Put the flour on a surface forming a fountain and knead it with eggs, water, sugar and melted pork lard. Split the dough in 6 pancakes and spread them in very thin sheets. Overlap the 6 sheets one on top of the other one greasing each layer with pork lard. Roll everything up to form cylinders with a diameter of about 6-7 cm.
Store the pastry rolls in the fridge for a few hours. Then cut the cylinders into disks of a thickness of 1 cm using a hot knife. Turn the disk upside down and press the edges using a rolling pin. Place a spoonful of inside in the center of the discs and cover it like a raviolo. Crush the edges gently to prevent the inside to come out and bake in a preheated oven at 180 ° C for about 15 minutes.

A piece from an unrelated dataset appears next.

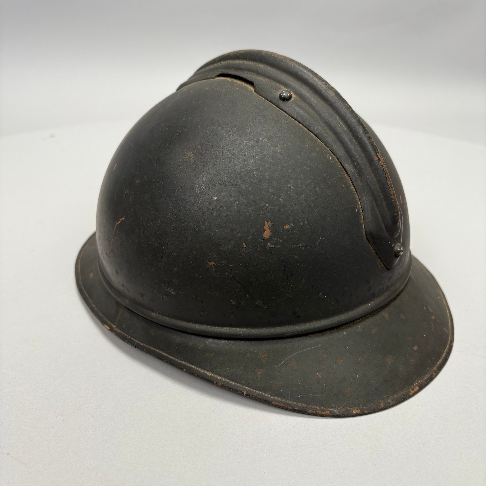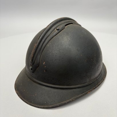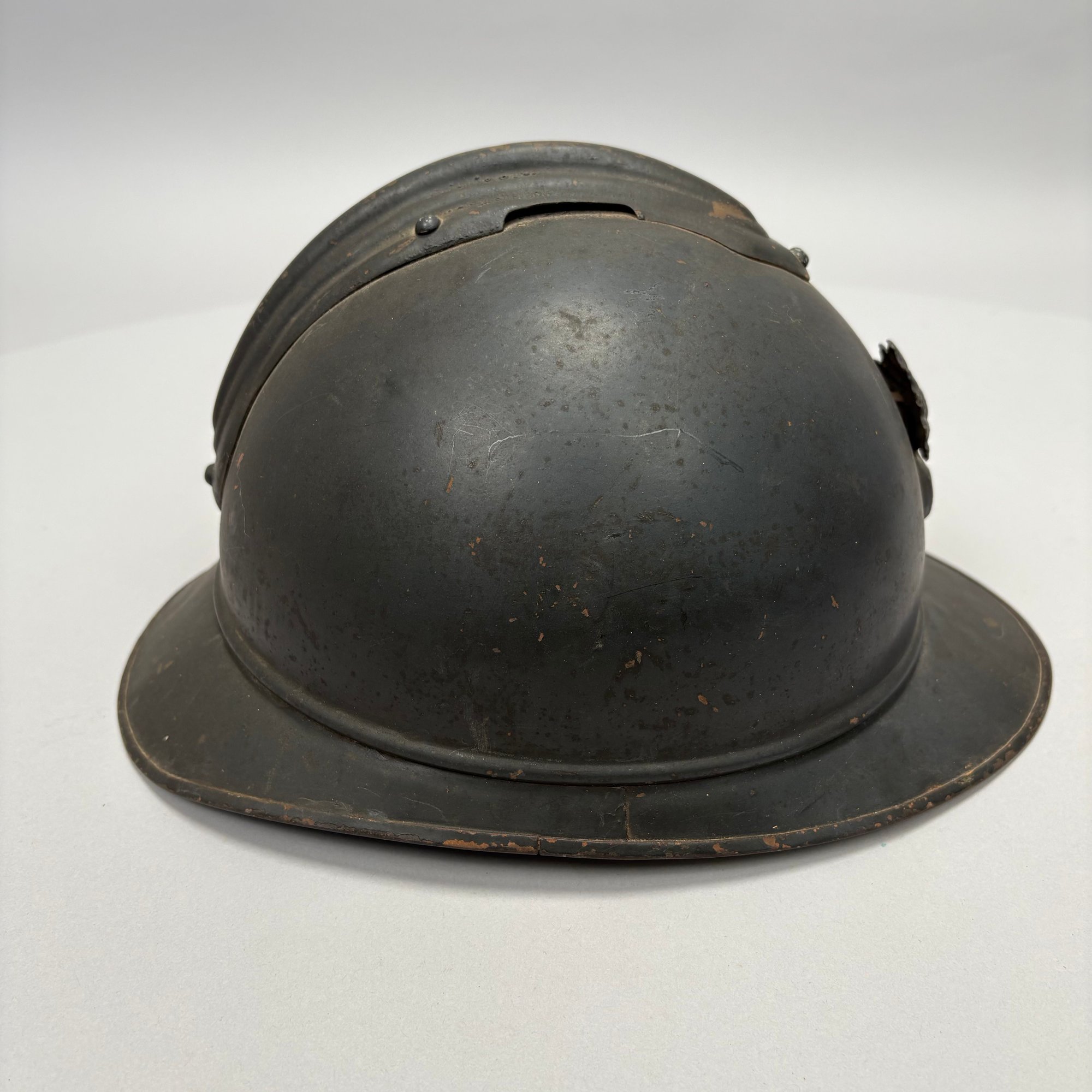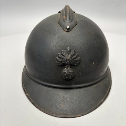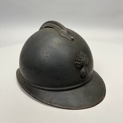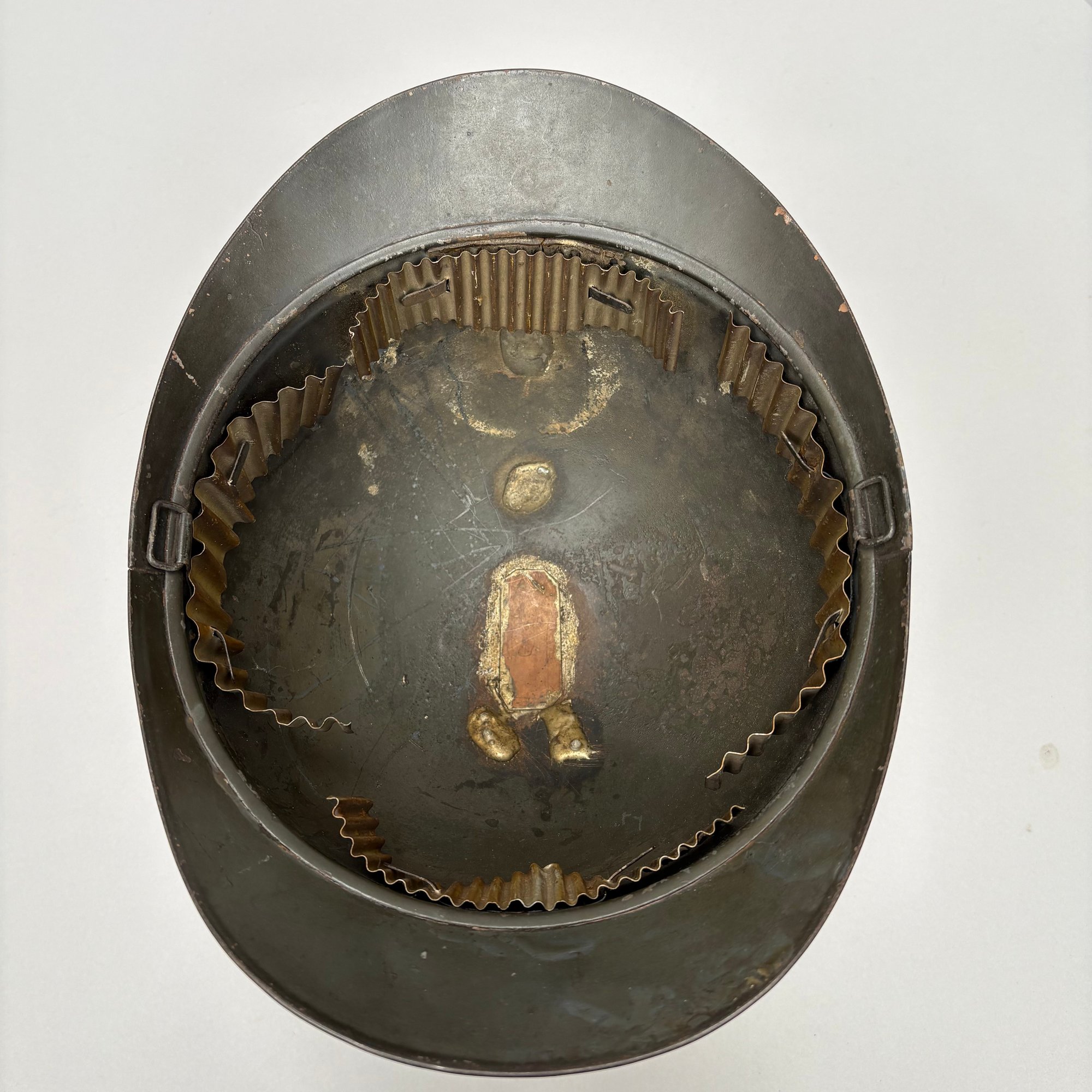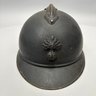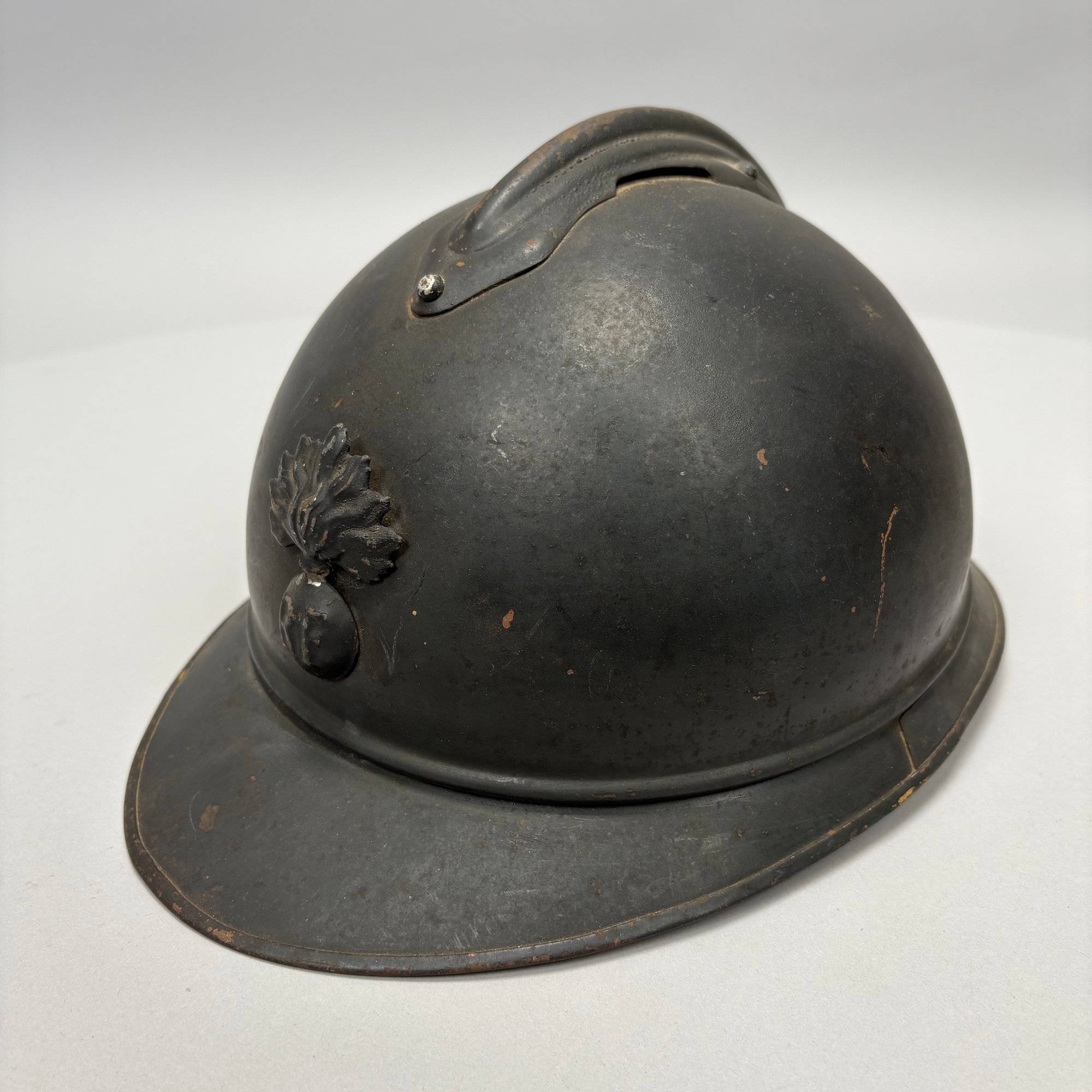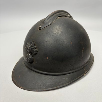 WWI French M15 Steel 2nd Model Adrian Infantry Helmet, Japy. In dark green paint, of soldered construction and lacking rivets, peaked round crest with ventilation slits, the badge a flaming grenade embossed "RF" (Republique Francaise), retaining the four strips of corrugated aluminum for mounting the leather and wool lining, held by hooks soldered to the shell.

Ingredients for about 30 pieces
For the dough: 6 eggs (remove 3 egg whites and  replaced them with the same amount of water), 6 teaspoons of pork lard, another 300 gr. of lard, 300-400 gr. of flour, 2 tablespoons of sugar.

For the inside: 500 gr. about mixed jam of grapes, black cherry, apples (possibly homemade), 150 gr. of chopped dark chocolate, 150 gr. of toasted and chopped almonds, 100 gr. of chopped cedar, half a glass of rum or cognac.